Docling: support for a variety of formats document parsing and export as Markdown and JSON, PDF support OCR

Latest AI Resources8mos agorelease AI Sharing Circle

2.9K 00

General Introduction

Docling is a powerful document parsing and exporting tool that supports a wide range of document formats including PDF, DOCX, PPTX, XLSX, images, HTML, AsciiDoc, and Markdown.It parses and exports these documents to HTML, Markdown, and JSON formats, with support for embedding and referencing images. Docling provides advanced PDF document understanding, including parsing of page layout, reading order and table structure. It also supports OCR technology for scanning PDF documents.Docling is easy to integrate and supports integration with the powerful RAG/QA applications of LlamaIndex and LangChain, providing a simple and convenient command line interface (CLI).
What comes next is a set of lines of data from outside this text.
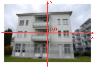 Der 0,0 Punkt des Bildkoordinatensystems ist genau in der Bildmitte: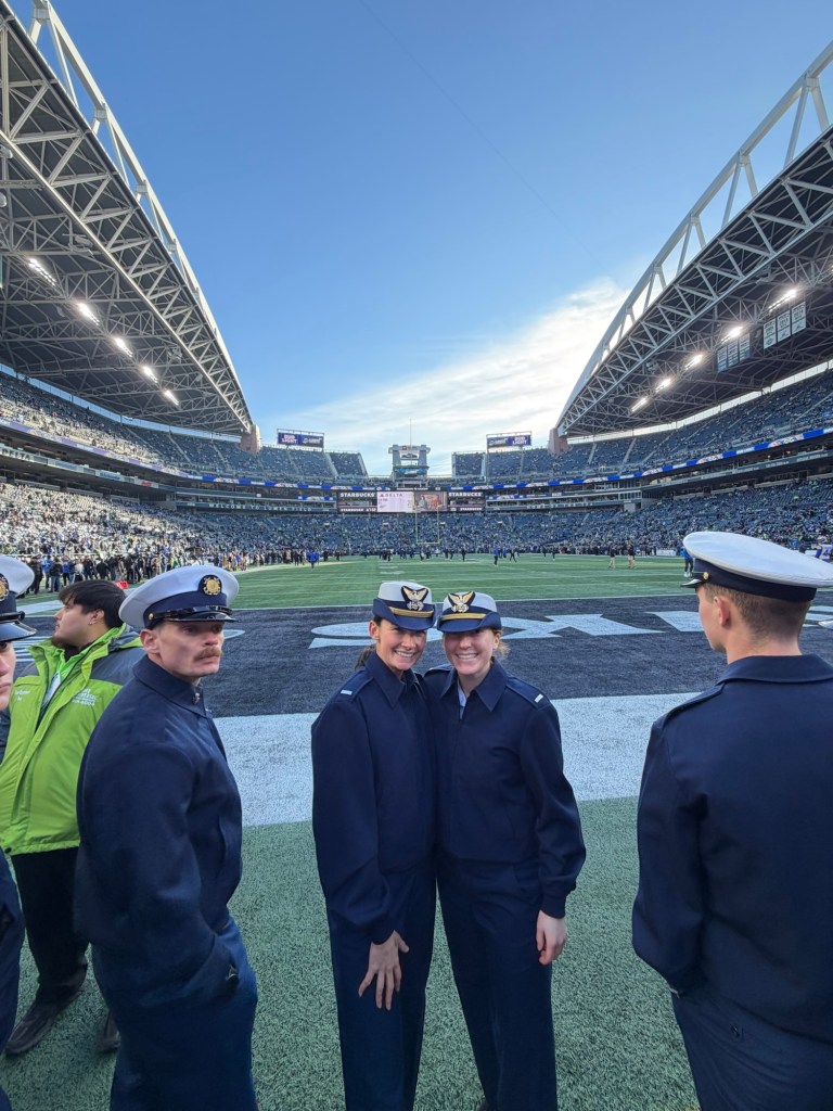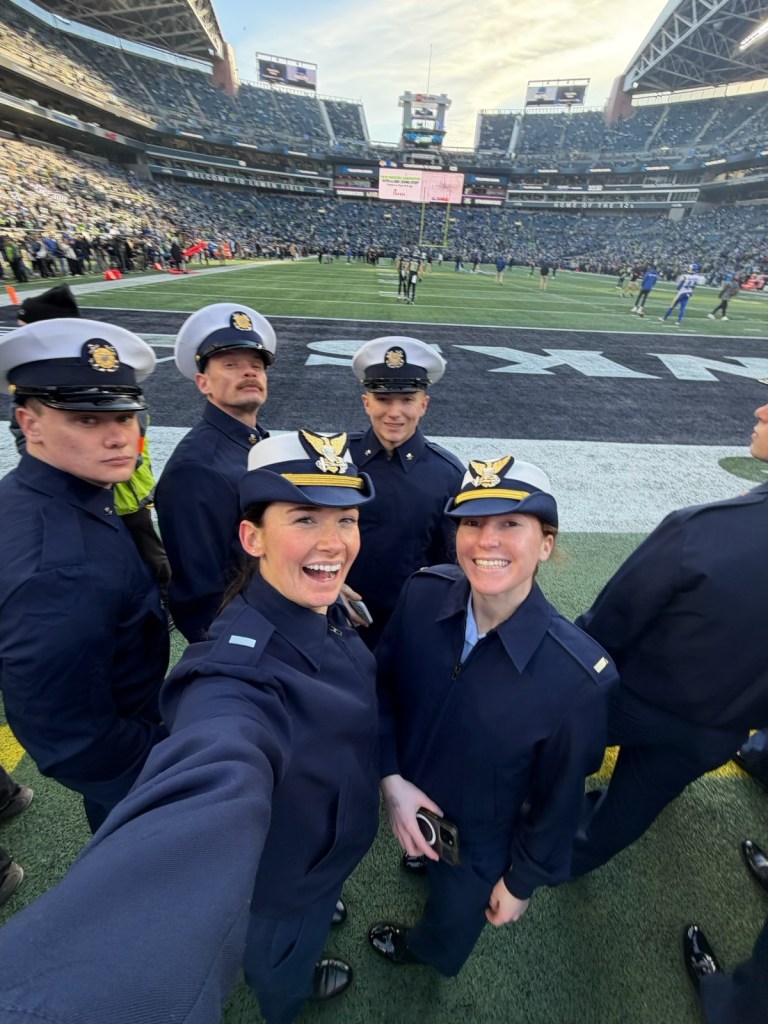 Later that night, I was opening up a box with the pieces of my new dresser, and it slipped out of my hands and fell on my big toe! Very painful! Right on the nail! I did a few rounds of icing, then took it upstairs, piece by piece and assembled it.  G sent me a picture from the Seattle Seahawks game, where her boat got to help spread out the American flag during the National Anthem. The players came over to shake their hands and they got free tickets to the game.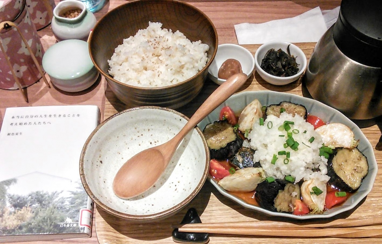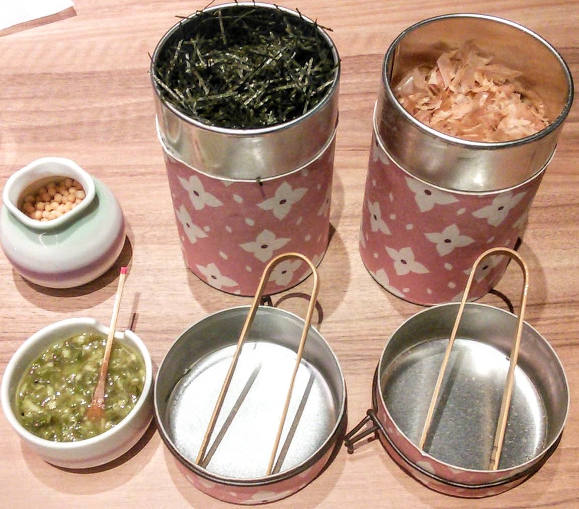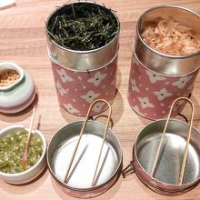 海鮮丼系のおひつごはんメニューと、野菜たっぷりのおかずがセットされたお茶漬け膳メニューが楽しめるお茶漬け専門店です。焼き鯖と野菜のたっぷり鬼おろし添え膳と、熱々のSTAUB鍋で提供されるれんこんハンバーグのオニオンスープ仕立て膳をいただきました。おかずとごはんで食事した後、残ったごはんをかつお出汁でお茶漬けにして食べきれるように演出してあるので、ごはんを残すお客の姿も見当たらず、フードロス削減にも役立っているようで、好感が持てました。選べるお茶漬けトッピングのほか、テーブルの上にかつおぶし、刻み海苔、あられ、わさびが常備されていました。
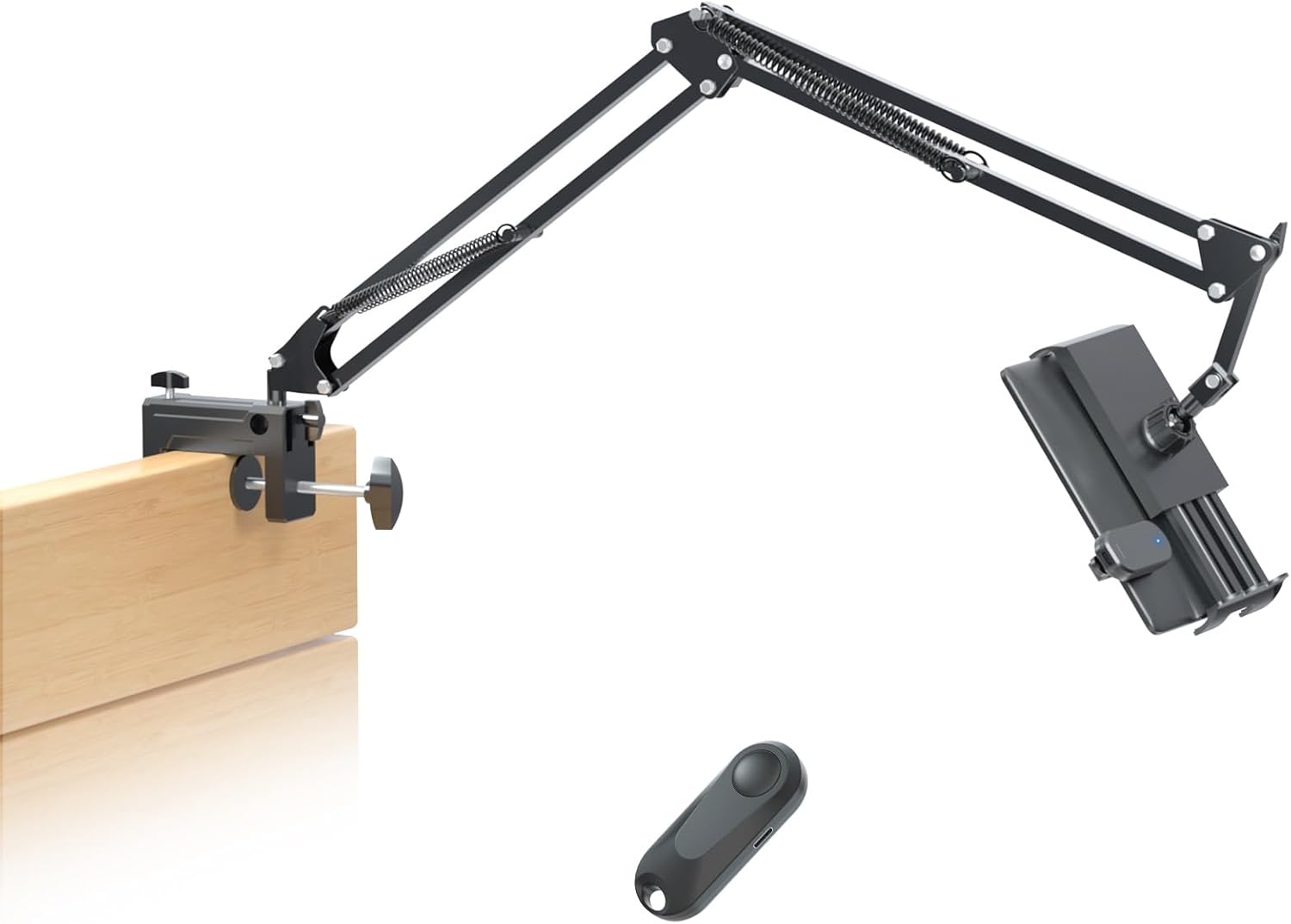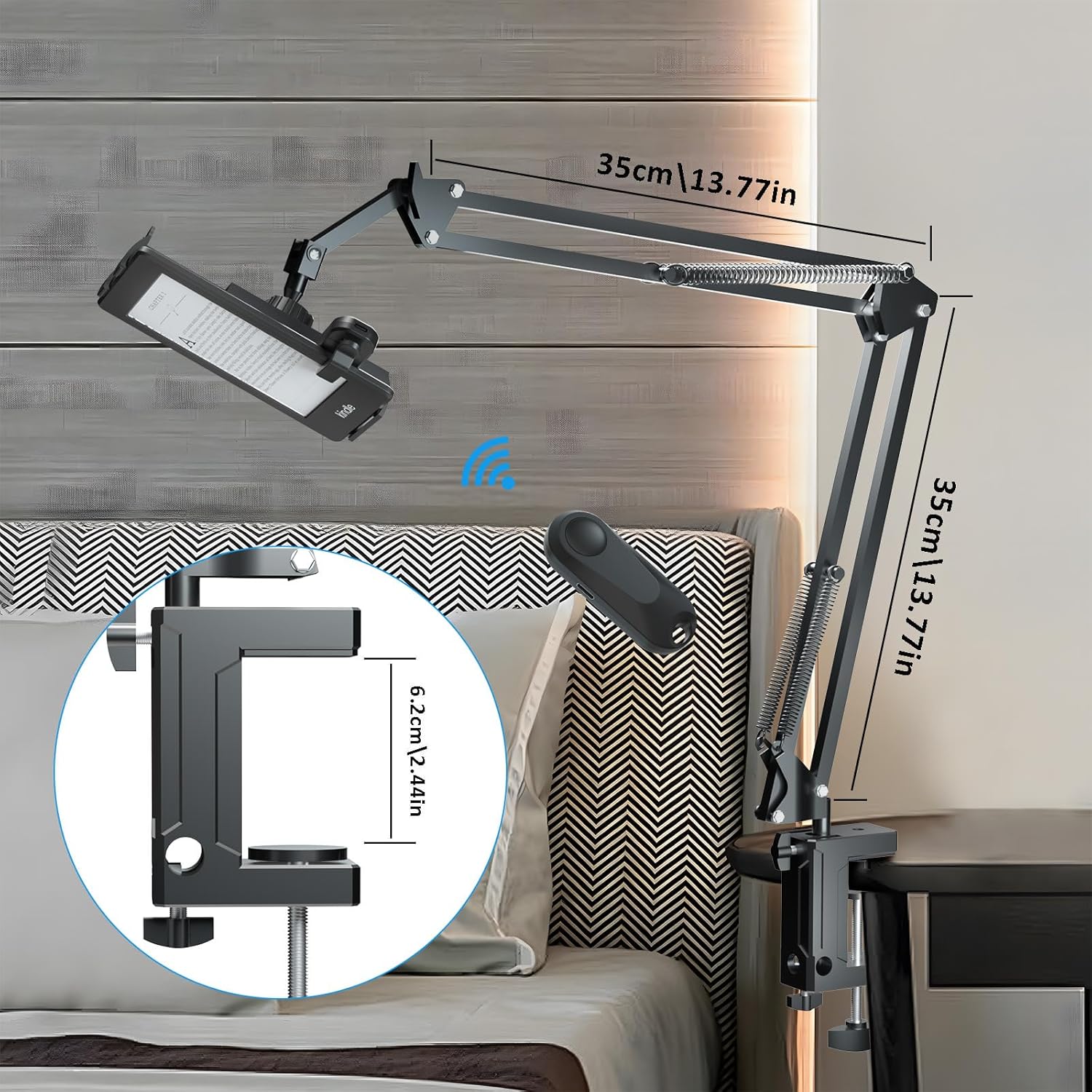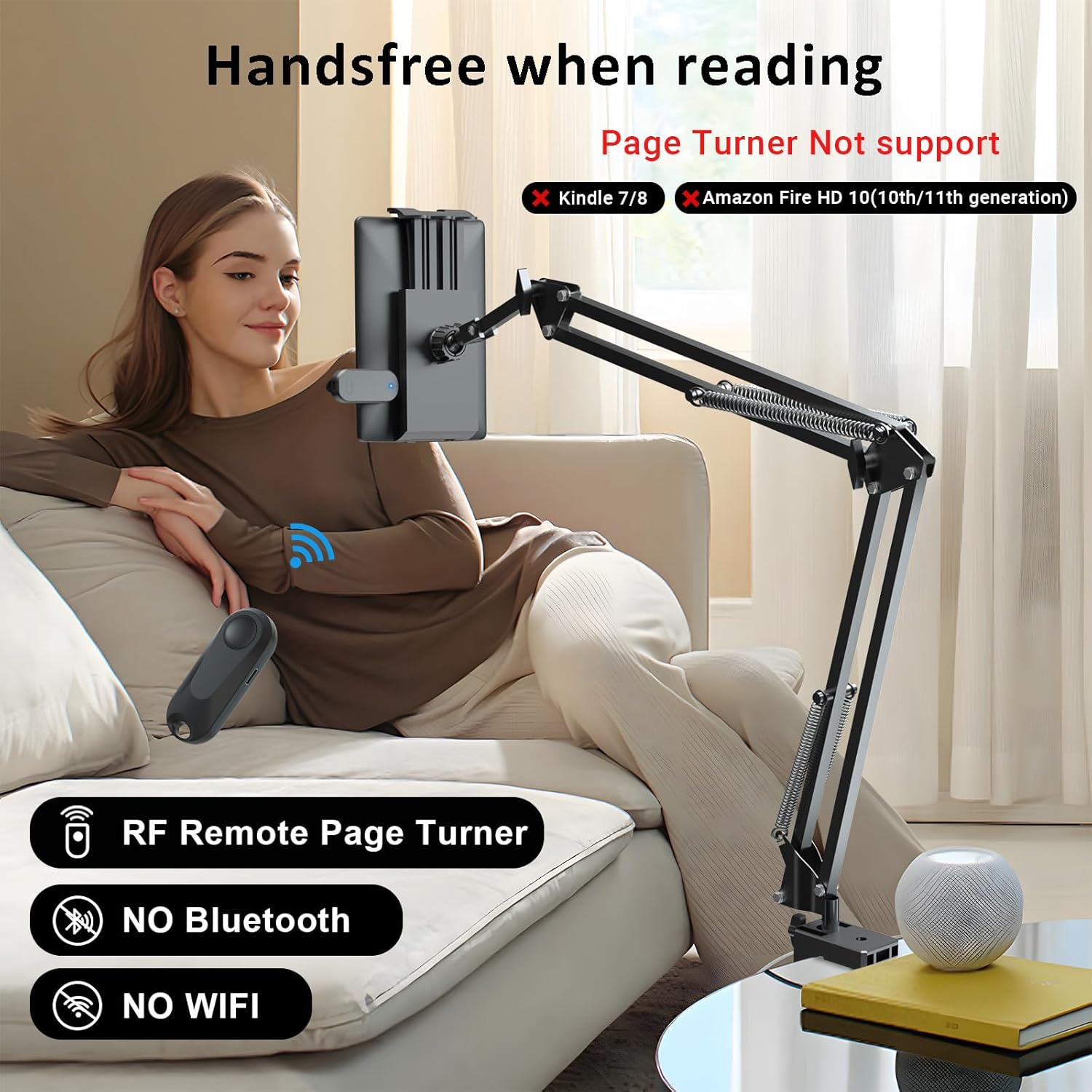 Tablet Holder for Kindle Reading in Bed with Remote Page Turner, Easy Adjust Hands Free Lazy Arm Mount for Kindle Accessories, Gifts for Readers

Docling：支持多种格式文档解析并导出为Markdown和JSON，PDF支持OCR

Function List

Parse multiple document formats (PDF, DOCX, PPTX, XLSX, Image, HTML, AsciiDoc, Markdown)
Export to HTML, Markdown and JSON formats
Advanced PDF document comprehension (page layout, reading order, table structure)
Supports OCR technology to parse scanned PDFs
Provides a unified DoclingDocument representation format.
Easy integration with LlamaIndex and LangChain
Simple and convenient command line interface (CLI)

Using Help

Installation process

To use Docling, simply install docling from a package manager, e.g. using pip:

pip install docling

Docling is available for macOS, Linux and Windows environments and supports x86_64 and arm64 architectures. Detailed installation instructions can be found in the official documentation.

Guidelines for use

Converting a single document

To convert individual documents, you can use the convert() Methods, for example:

from docling.document_converter import DocumentConverter
source = "path/to/document.pdf"  # 文档的本地路径或 URL
converter = DocumentConverter()
result = converter.convert(source)
print(result.document.export_to_markdown())  # 输出转换后的 Markdown 格式文档

Advanced Usage

Docling offers a rich set of advanced usage options that can be configured and extended as needed. Detailed instructions and examples can be found in the official documentation.

Functional operation flow

document resolution: Import a document into Docling and use the built-in parser to parse the document content.
format conversion: Select the format you need to export (HTML, Markdown, JSON) and use the corresponding export function to convert the format.
OCR Parsing: For scanned PDF documents, enable the OCR function to extract the text content in the document.
integrated application: Integrate Docling with LlamaIndex or LangChain to build powerful RAG/QA applications.
command-line operation: Use the CLI tools provided by Docling to quickly perform document parsing and export operations.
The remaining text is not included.